И Шишин протянул в ладони Тане медный пятачок, что мать на хлеб дала.
– Сейчас! – и пятачок в кипящий ковшик опустила, добавив цинковый брикет и поташа. Все забурлило.
– Смотри! – и в ситечко плеснула варево свое. Из медного в серебряный у Тани превратился Шишин пятачок.
– Ну как?
– Ого… – ответил он, за пятачком протягивая руку.
– Погодь! Еще не все, теперь смотри! – и Шишин из всех глаз смотрел, глаза слезились. В щипчиках держа над газом, монетку закрутила Таня. Сверкнув серебряным бочком, монетка превратилась в золотой.
– Ого?
– Ага…
– Тебе! – подкинув в воздухе монетку и поймав, сказала Таня, протянула. Шишин пятачок скорей зажал в кулак.
– Неси еще! Быстрей! – и Шишин со всех ног к себе помчался, где на трюмо, на блюде лежали трешки, двухкопейки, пятачки…

– Где деньги, Саша? я сюда клала! - сказала мать нахмурясь. И Шишин из кармана горсть золотых достал, и, улыбаясь, высыпал на стол…
– Иж, как обкостенело, приварило…Тьфу! – заглядывая в чайник, говорила мать, резиновой рукой всыпая на ночь в дышло каустическую соду. – Пить захочешь, Саша, рот перекрести и протерпи, не пей! Сожжешь кишки! Так тетка Нина наша, из Тальятья, светлая ей память, тоже на ночь глядя чайник щелочила. Забыла, господи не приведи, да с утречка чуечку попила…и долго умирала, долго, Саша! Пока не умерла…

– На! Клюква в сахаре, сказала Таня, протягивая Шишину на варежке комочки сахарного снега.
– Вкусно?
– Да! – хрустя, ответил он, выплевывая шерстяные нитки. И катушки от варежки Танюшиной доев, смотрел, где катышки еще, на ней. И были катушки на шарфе на помпоне, на воротнике…
Он клюкву в сахаре любил, но редко клюкву в сахаре мать приносила в сумках. Редко. Почти что никогда…

– Снег ел? Под тридцать девять, дрянь такая! Лежи-лежи… Лежи сказала!. Ах, горе-люди! горе-люди… Осподи помилуй. Лежи, чумной! А я пойду до дворницкой схожу, скажу, чтоб ссыпал вам в сугробы вместо снега поташа с соляной…
И уходила в дворницкую мать, просить, у дворника, чтоб поташа в сугроб для Шишина и Тани насыпал…

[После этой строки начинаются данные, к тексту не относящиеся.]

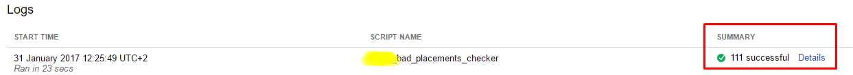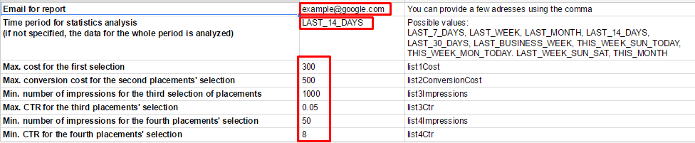To increase the script’s effectiveness, identify KPIs for the values of CTR, impressions, and conversions. Then, consider the period of time the placement requires to reach the desired KPIs. This will help you determine how often to run the script.
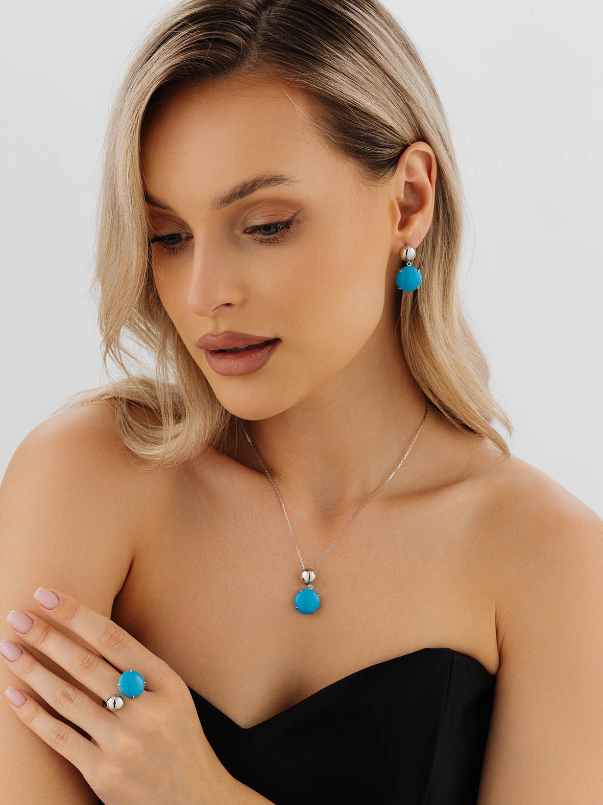 Подвеска для женщин из серебра 925 пробы с бирюзой из коллекции Уральские самоцветы артикул 3340Б26365 от компании KRASNOE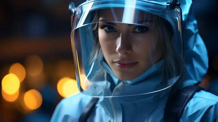 Portrait of a beautiful young woman astronaut in space suit and helmet.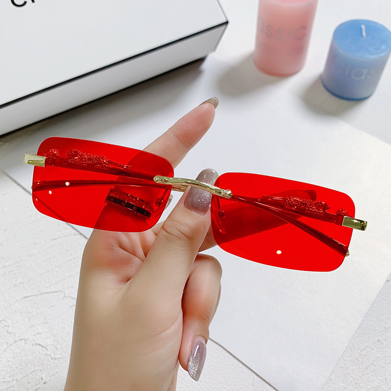 치타 장식 프레임없는 사각형 선글라스 컬러 남성과 여성 복고풍 표범 머리 금속 선글라스 국경 도매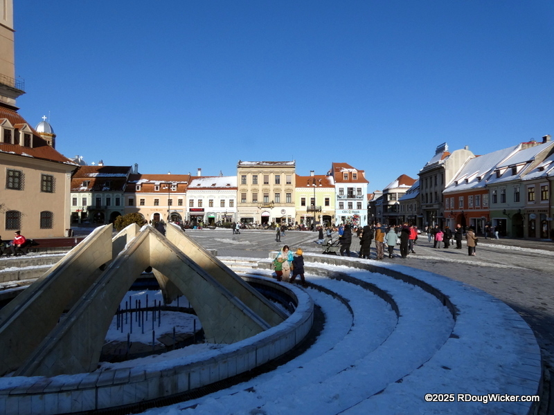 After our narrow escape from Castle Dracula (Bran Castle), we headed northeast to Brașov to catch our breathe and grab a quick bite (see what I just did there?). So, after alighting from our coach, we headed to Piața Sfatului (Council Square). Unfortunately, the sun was already sinking and time did not permit a lengthy investigation of this enchanting place. If it had, we definitely would’ve hit the nearby Biserica Neagră (Black Church). But by this time I was uncertain if we could take close proximity to either garlic or holy water, so we headed out for a very late lunch before we were due to rejoin our group.

Всю ночь скрипели, открываясь-закрываясь двери, краны, ставни, снилось…
Под окнами шумела свадьба, музыка играла. Невеста в саване, с венком цветов бумажных, какие мать на пасху ставит в куличи, кружилась по двору, и дети с лицами старух, их карлики мужья, смеялись, хлопая в ладоши и кричали горько…
«Горько! Горько….» – Шишин бормотал во сне, мать в комнату вошла, неся обернутую полотенцем жестяную кружку, с тягучим взваром зверобоя, и коры…
– Попей, сынок, – сказала мать, и губы кислой ваткой обмочила до щипоты, до слез. Он сел, облокотившись о подушки, отхлебнул, уваром обжигая губы.
–Пей, Саша! Пей, родной…
– Не надо… горько… мама…
– Горько …Не на слащены, родился, беда! До дна!
И Шишин пил до дна, тягучий взвар угарный, горький, и в голове мутилось, тихо в ней шуршали от венка бумажные цветы.
Вот громче музыка в окне, все громче, громче, как будто скрипки вверх кидают скрипачи, взлетая скрипки превращаются в ворон… В когтях ворон смычки, в глазах монетки …
– Горе, горе! Святые твоей, ну весь в жару! Того гляди помрет, благослови отроче се, – шептала мать, и лоб крестила, кропила на воде святой углы, «Убоженьким на масло…»

Входила-выходила со свечей, с ведром пустым, и пустоту, похожую на щеву гущу, гремя железной ручкой выплескивала за окно, чтобы свадьбу разогнать, что спать мешала. Задрав подол, кряхтя и кашляя полезла по стене, держа в одной руке эмальный таз, и таз на потолок поставив днищем к полу, ползла по потолку, скребла ногтем убитых потолочных мух, и смахивала на пол, на кровать сушье, и мыла, терла. И из заклеенной замазкой щели таза мутная вода сочилась, и капала на лоб, и расплывалась черное пятно по потолку…
– Вставай-ка, Саша, принеси гвоздей, окно заколочу! – велела мать, и Шишин встал, и за гвоздями в общий коридор пошел, и долго в темноте искал, гремя, переставляя жбаны, нашел и перепрятал…
Обернувшись, зло от потолка смотрела мать, сердясь, что не принес гвоздей окна забить…
– Сашка, Сашка! Выходи гулять скорее! – кричала снизу Таня.
Шишин встал, под матерью пошел к окну, и распахнуть хотел, но мать упала с потолка на спину, он охнул и осел, мать в волосы вцепившись зашипела: «Не пущщщщщу-у-у…. через меня, когда помру!….» и Шишин закрутился волком, но мать держалась крепко когти выпускала в волоса… Он взвыл, упав на спину, хрипя давил локтями пол, и билась мать под ним, барахталась, стонала, и так стонала все, пока не замерла.
Пока не ожила…
– Тю-тю… Ищи-свищи! – хихикнув позади, сказала мать, поднялась с пола, оправила исподнее, халат. И пусто было во дворе, и в доме пусто, апрельской прелью пахло от побеленной земли, и одинокая ворона с перекладины качелей уставив хвост в луну спала.
– Ищи меня теперь за тридевять земель, – сказала Таня, в варежку сгребая со скамейки страшный снег, – всю жизнь ищи! Считай до десяти, тогда найдешь…
И Шишин отвернулся к стенке, стал считать.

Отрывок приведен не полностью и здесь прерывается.